Aquarium hopes snakes charm visitors in March Exhibit to feature pair of vipers

February 18, 1993|By Michael James | Michael James,Staff Writer

The National Aquarium in Baltimore will feature a new exhibit next month -- poisonous snakes from the rain forests of Costa Rica.

"We think that it's important we show people that venomous snakes can be beautiful," Jack Cover, the aquarium's curator for rain forest exhibits, said yesterday. "They deserve respect. They're part of the ecosystem and they have their place in it."

Mr. Cover said the vipers will be the first in the aquarium's animal collection.

The snakes -- an eyelash viper and a hognose viper -- will be on display in glass cases in the aquarium's Hidden Life exhibit.

They are about as venomous as a Maryland-variety copperhead, which means a bite would probably not be lethal to a human, although there have been some fatal bites reported in Costa Rica, Mr. Cover said.

The eyelash viper, a bright yellow variety so-named because of a scaly protrusions over its eyes that resemble eyelashes, is expected to be a big draw.

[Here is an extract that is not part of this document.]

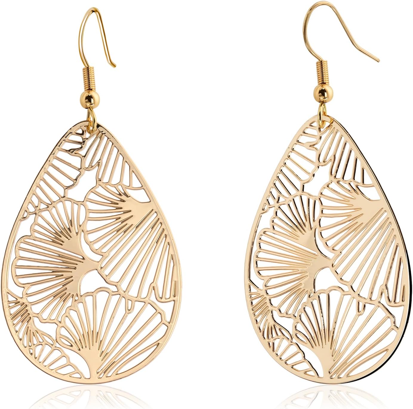 14K Gold Plated Silver Teardrop Filigree Dangle Earrings Lightweight Ginkgo Leaf Drop Earrings for Thanksgiving Christmas Gift

"They're really exquisite as far as coloration. A yellow specimen is particularly striking, no pun intended," Mr. Cover said. "A snake like this doesn't have to be feared; it's aesthetically appealing."

The hognose viper is a brownish ground snake, unlike the tree-dwelling eyelash viper. Both snakes are between 1 and 2 feet long, and reach a maximum length of about 3 feet when mature.

Aquarium workers have gotten a crash course in snakebite treatment. And there is now a large red "panic" button on the wall of a stockroom, in case an employee is bitten during a feeding or while moving the snakes.

Vicki Aversa, an aquarium spokeswoman, said venomous snakes are part of an ongoing "diversification" of the aquarium's animal exhibits.

"We're branching out and expanding the range of animals in our collection so the public can experience all the diversity that's in a habitat like a rain forest," Ms. Aversa said. "Part of our role is to discover new ways that we can educate the public about animals."

Along with the snakes, two golden lion tamarins -- small Brazilian monkeys with gold manes -- also will become an aquarium first next month when they are let loose in the aquarium's tropical rain forest, officials said.

They are the first members of endangered species to be brought the aquarium, officials said.

The tamarins, facing extinction from the devastation of rain forests, are lent to zoos and aquariums in the United States by the Brazilian government as part of a species survival program.